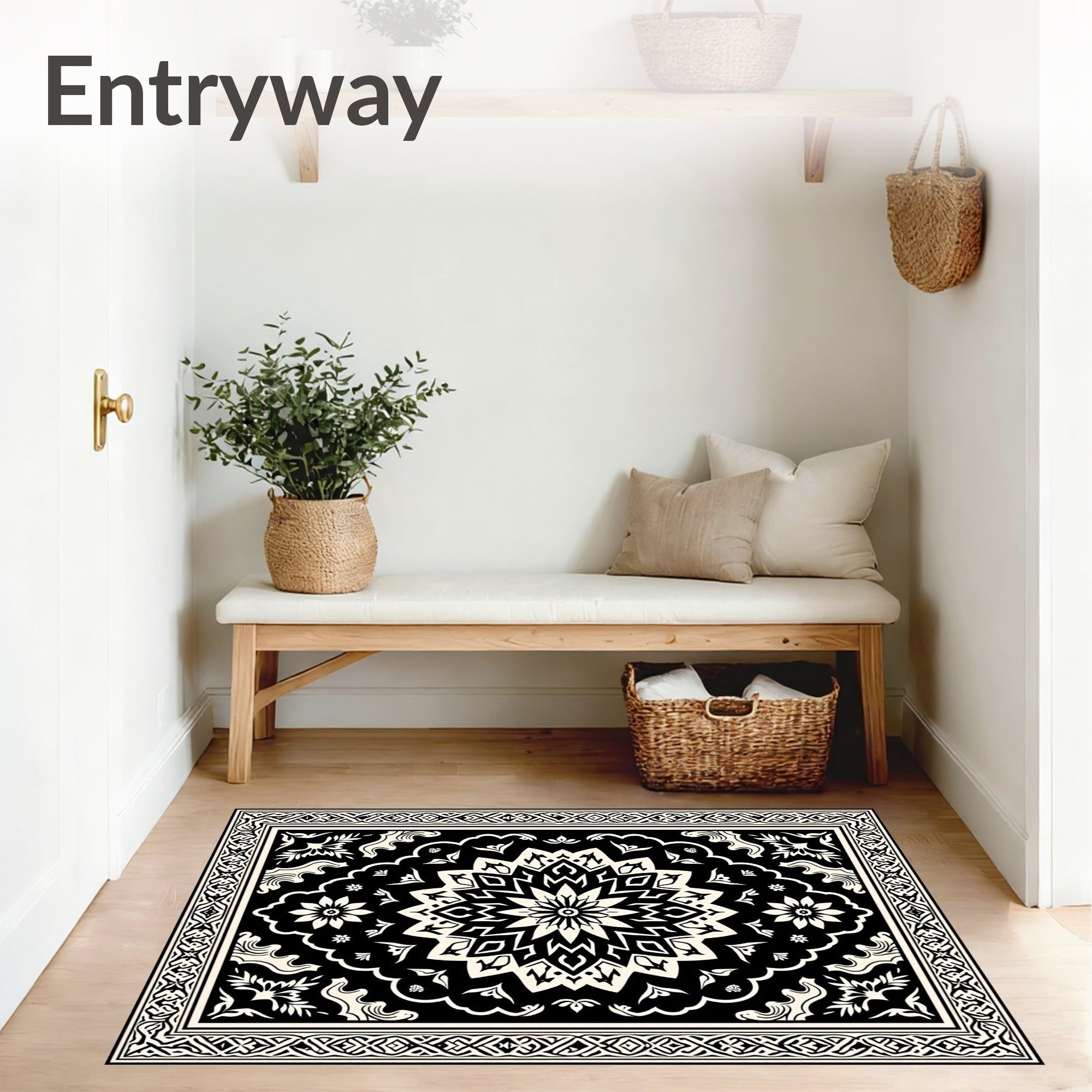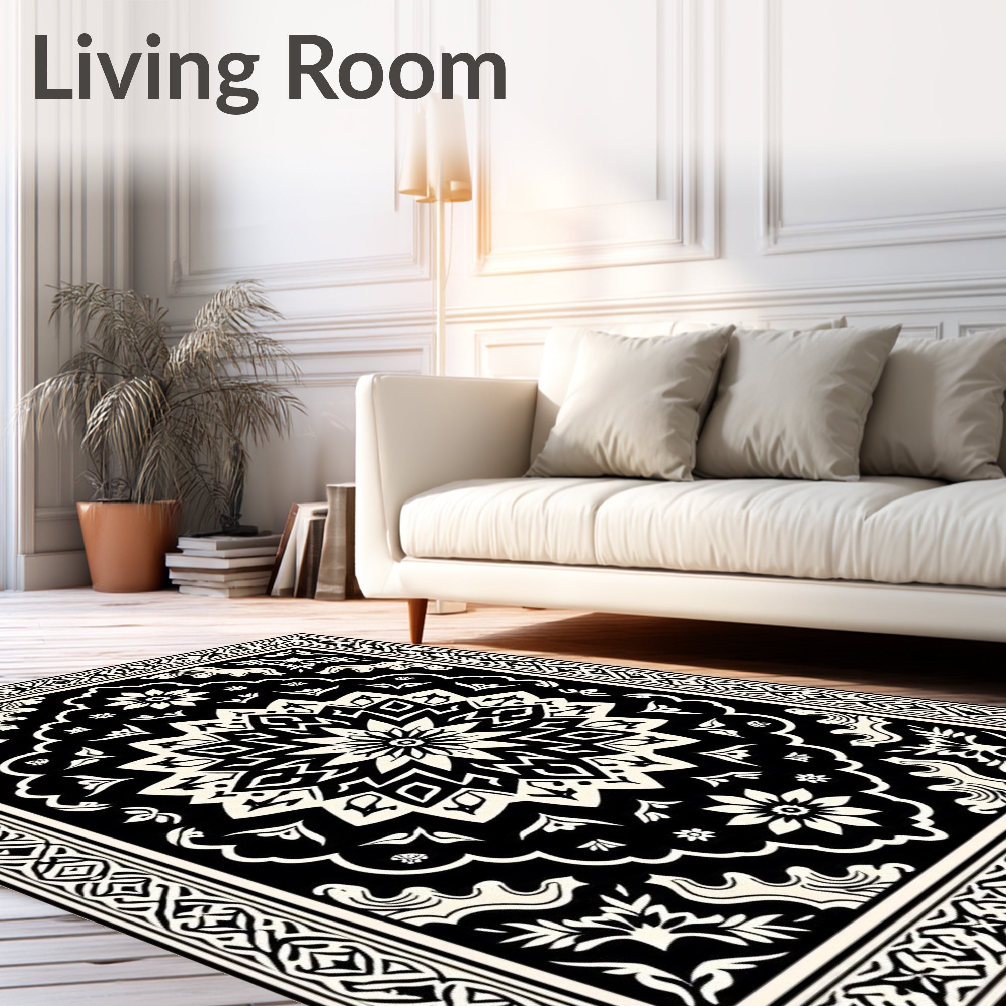Ultra Soft Area Rug, Non Slip, Stain Resistant, Washable Area Rugs for Living Room, Bedroom, Tile Inspired Stain Guard Surface Treatment(Black) Overview:
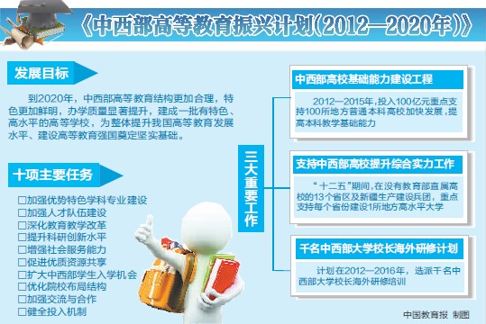 本报北京5月22日讯(记者 高靓)“到2020年,中西部高等教育结构更加合理,特色更加鲜明,办学质量显著提升,建成一批有特色、高水平的高等学校……”今天,由教育部、国家发改委、财政部联合印发的《中西部高等教育振兴计划(2012—2020年)》正式向社会公布。
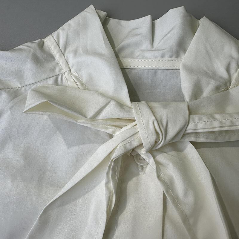 シャツ ガールズ 長袖 春秋 子供服 韓国風 ゆったり かわいい デザイン 立襟 コットン トップス オフホワイト
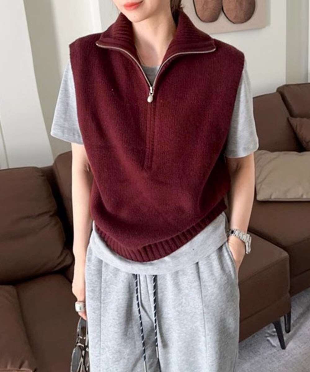 スタンドカラーとハーフジップが特徴的なニットベスト。
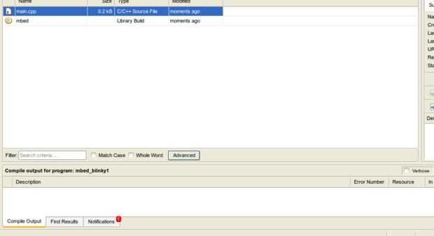 #include "mbed.h"<br> DigitalOut RED(LED_RED); DigitalOut GREEN(LED_GREEN); DigitalOut BLUE(LED_BLUE); int main() { while(1) { RED = 1; GREEN = 0; BLUE = 0; wait(0.2); RED = 0; GREEN = 1; BLUE = 0; wait(0.2); RED = 0; GREEN = 0; BLUE = 1; wait(0.2); } } Haga clic en "compilar" después de algún tiempo que usted debería ver "Descargar archivo" ventana pop-up o si usas Chrome la descarga del archivo ejecutable del programa compilado debe descargarse.
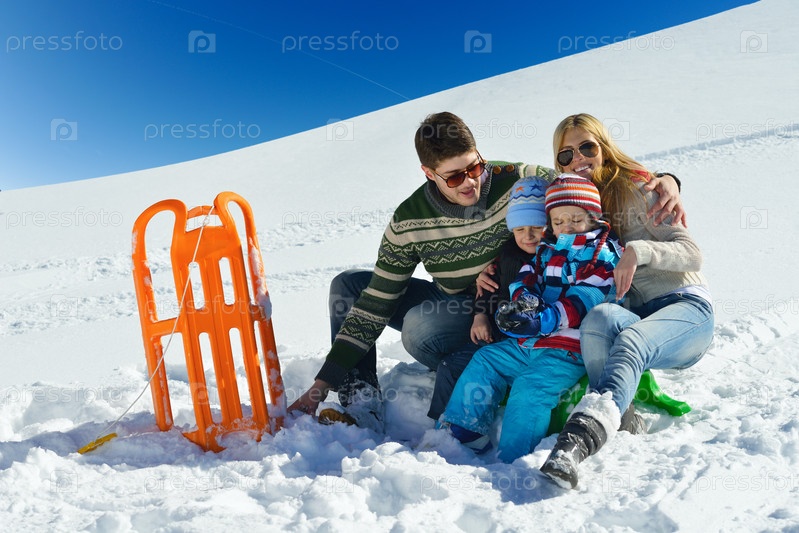 Семья играет в снегу на зимних каникулах
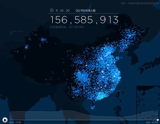 近日,腾讯上线了一项新功能:中国区域QQ同时在线分布,实时提供QQ同时在线人数和分布。据称这个页面实时更新同时在线人数,数字不断跳动,蓝点表示在线QQ用户的分布,并可快进查看过去24小时内用户变化。武汉CI设计公司,武汉VI设计公司,武汉标志设计公司
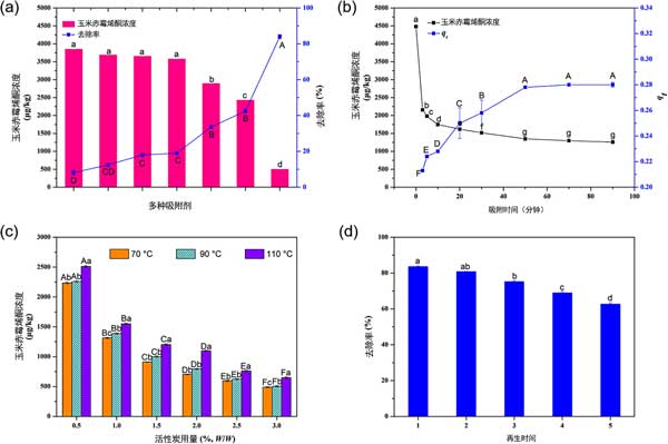 圖1:不同工業吸附劑(a)、吸附時間(b)、活性炭用量和吸附溫度(c)以及活性炭再生穩定性(d)對玉米赤霉烯酮嚴重污染的玉米油中玉米赤霉烯酮去除的影響。
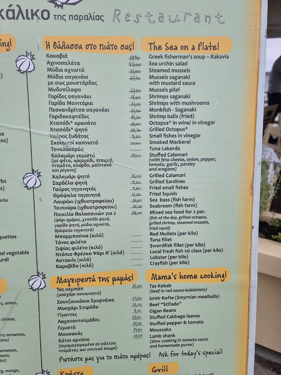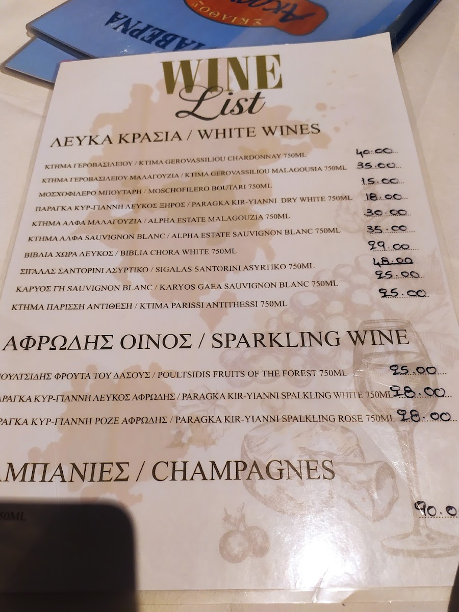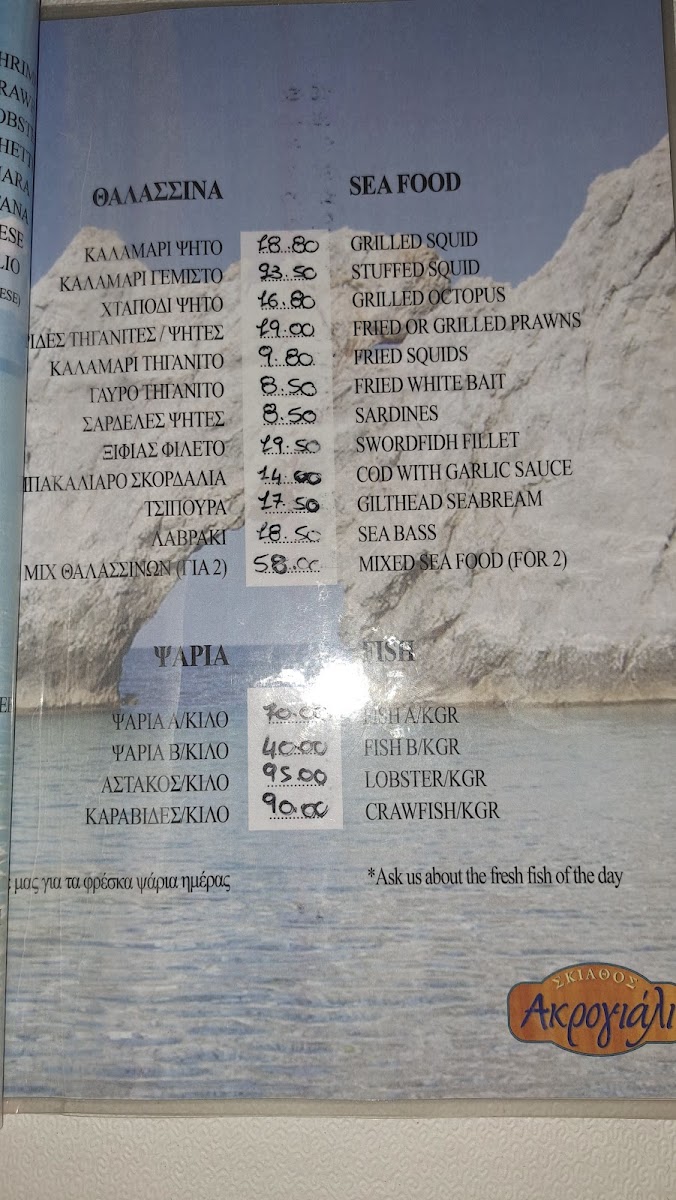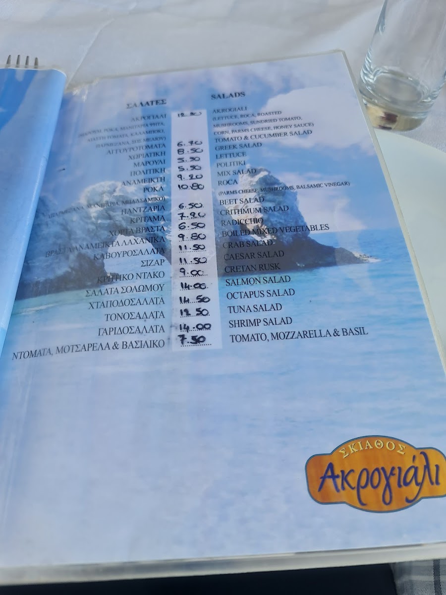 Akrogiali Tavern Menu
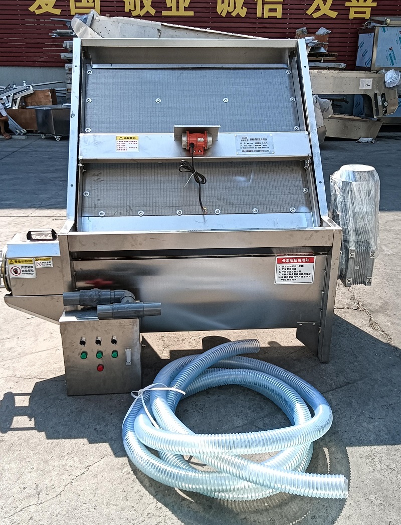 | 干濕分離機 1.原理及處理特點:采用振動篩和螺旋擠壓技術,分離后濾液含固率比例大,物料含水率低 2.應用:針對養殖行業(豬糞、牛糞)等含粗纖維較多的有機廢棄物。 3.優點:結構簡單,運行平穩;占地面積小,土建要求低:自動化程度低;處理量大; 斜篩式固液分離機是一種高效定低能耗的固液分離脫水機械產品,廣泛應用于養殖場糞便處理、 酒槽。 啤酒糟的脫水分離。屠宰場污水的固液分離、污水通過震動篩網過濾和螺旋蛟龍擠壓從 而達到固液分離的作用。 廠家訂購 優惠熱線:17653417203
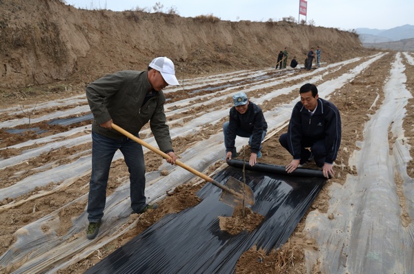 在建園現(xiàn)場,蔡俊杰與政府機關(guān)干部職工一起奮戰(zhàn)在春季建園一線,率先帶頭示范,從整地、除草、修復營養(yǎng)帶、補植、澆水覆膜、收集廢舊農(nóng)膜,幫助當?shù)厝罕姾透刹柯毠ぶv解果園管理技術(shù),創(chuàng)建優(yōu)質(zhì)核桃示范園,以提升西靈山現(xiàn)代科技示范園區(qū)建設(shè)的科技水平。

◆ **ASSIGNMENT**: Leaving out every picture, transcribe exactly the lines from the line that contains "而達到固液分離的作用。 廠家訂購 優惠熱線:17653417203" through the final line of the entries above.

◆ **REPLY TO THE TASK**:
 | 干濕分離機 1.原理及處理特點:采用振動篩和螺旋擠壓技術,分離后濾液含固率比例大,物料含水率低 2.應用:針對養殖行業(豬糞、牛糞)等含粗纖維較多的有機廢棄物。 3.優點:結構簡單,運行平穩;占地面積小,土建要求低:自動化程度低;處理量大; 斜篩式固液分離機是一種高效定低能耗的固液分離脫水機械產品,廣泛應用于養殖場糞便處理、 酒槽。 啤酒糟的脫水分離。屠宰場污水的固液分離、污水通過震動篩網過濾和螺旋蛟龍擠壓從 而達到固液分離的作用。 廠家訂購 優惠熱線:17653417203
 在建園現(xiàn)場,蔡俊杰與政府機關(guān)干部職工一起奮戰(zhàn)在春季建園一線,率先帶頭示范,從整地、除草、修復營養(yǎng)帶、補植、澆水覆膜、收集廢舊農(nóng)膜,幫助當?shù)厝罕姾透刹柯毠ぶv解果園管理技術(shù),創(chuàng)建優(yōu)質(zhì)核桃示范園,以提升西靈山現(xiàn)代科技示范園區(qū)建設(shè)的科技水平。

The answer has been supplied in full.